* [WHAT THIS TASK INVOLVES] Lower down are entries containing pictures. Copy exactly, without those pictures, the lines from the line with "For our manual" through the line with "古筝曲《战台风》是歌颂上海码头工人与台风顽强搏斗的精神。 A. 正确 B. 错误".

* [INFORMATION GIVEN]
----------------
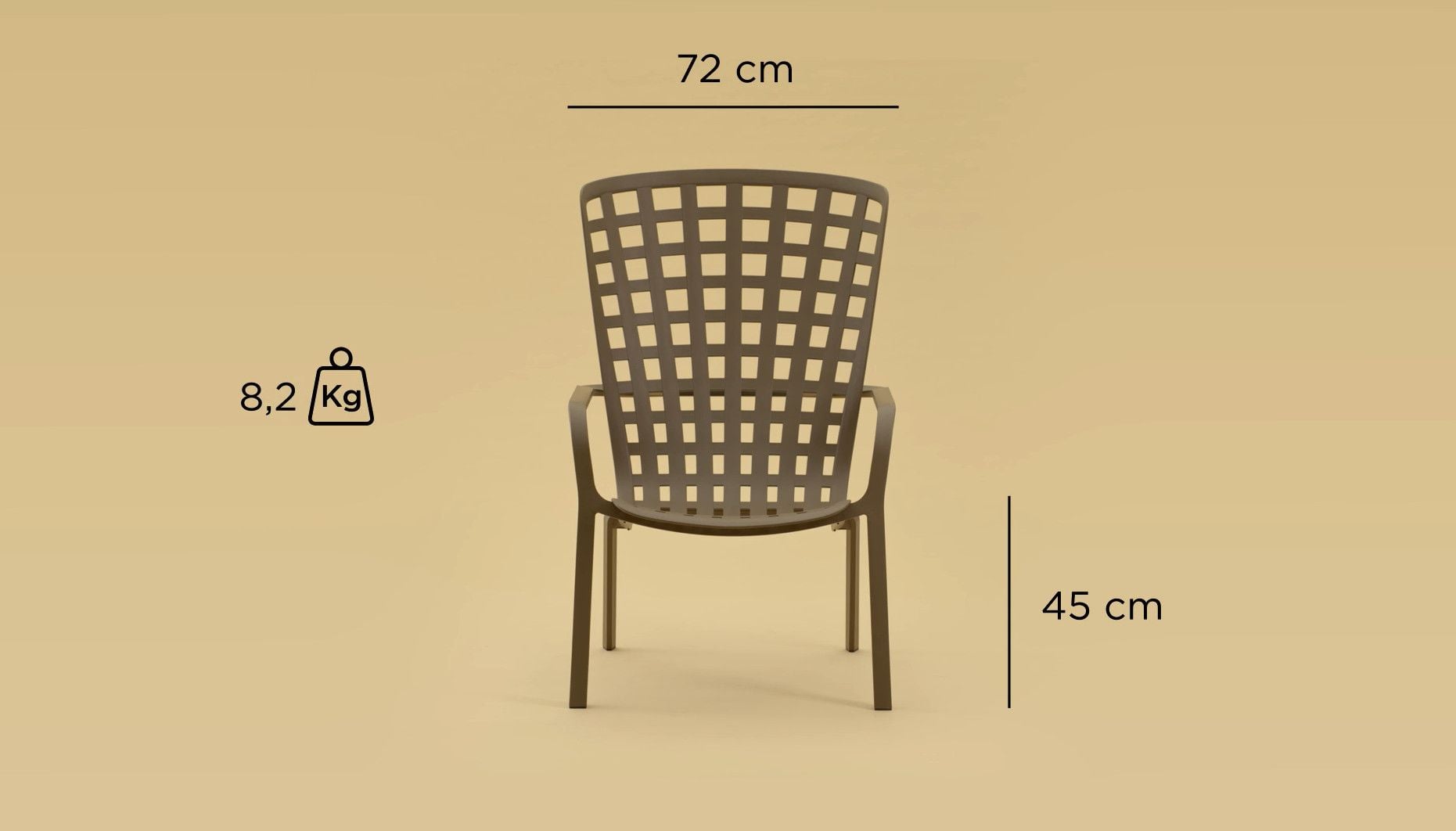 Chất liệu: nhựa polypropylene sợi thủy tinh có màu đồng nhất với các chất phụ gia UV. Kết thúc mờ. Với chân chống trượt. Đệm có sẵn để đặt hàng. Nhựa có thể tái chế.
----------------
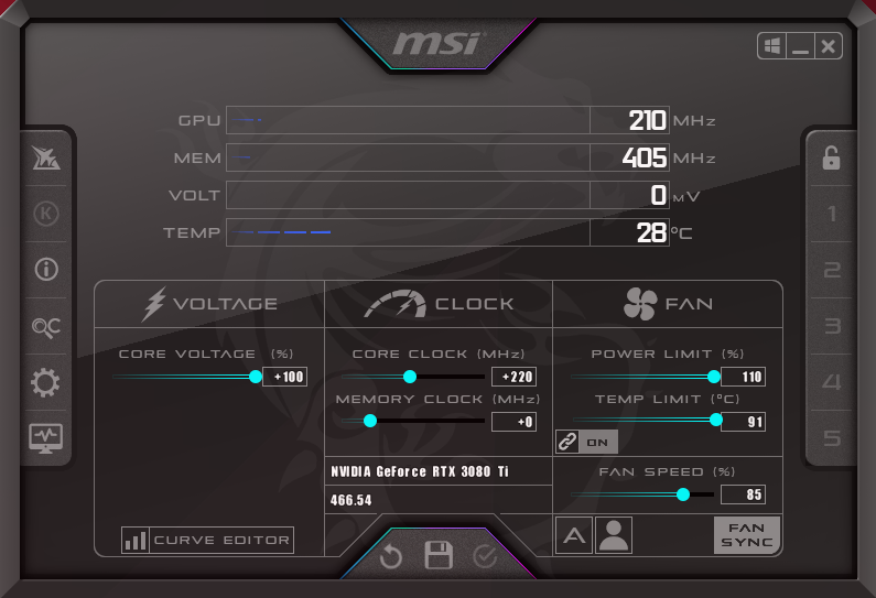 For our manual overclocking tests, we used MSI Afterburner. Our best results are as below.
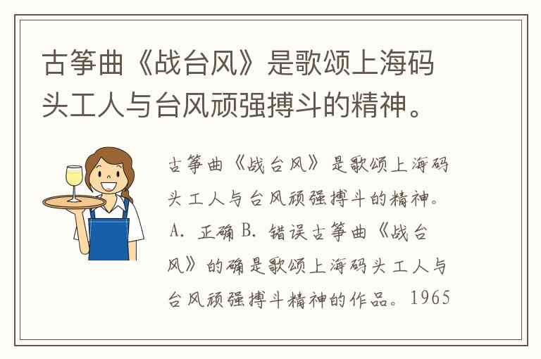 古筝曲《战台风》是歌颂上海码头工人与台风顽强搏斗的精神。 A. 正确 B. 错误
----------------
* [EXERCISE SOLUTION]
 For our manual overclocking tests, we used MSI Afterburner. Our best results are as below.
 古筝曲《战台风》是歌颂上海码头工人与台风顽强搏斗的精神。 A. 正确 B. 错误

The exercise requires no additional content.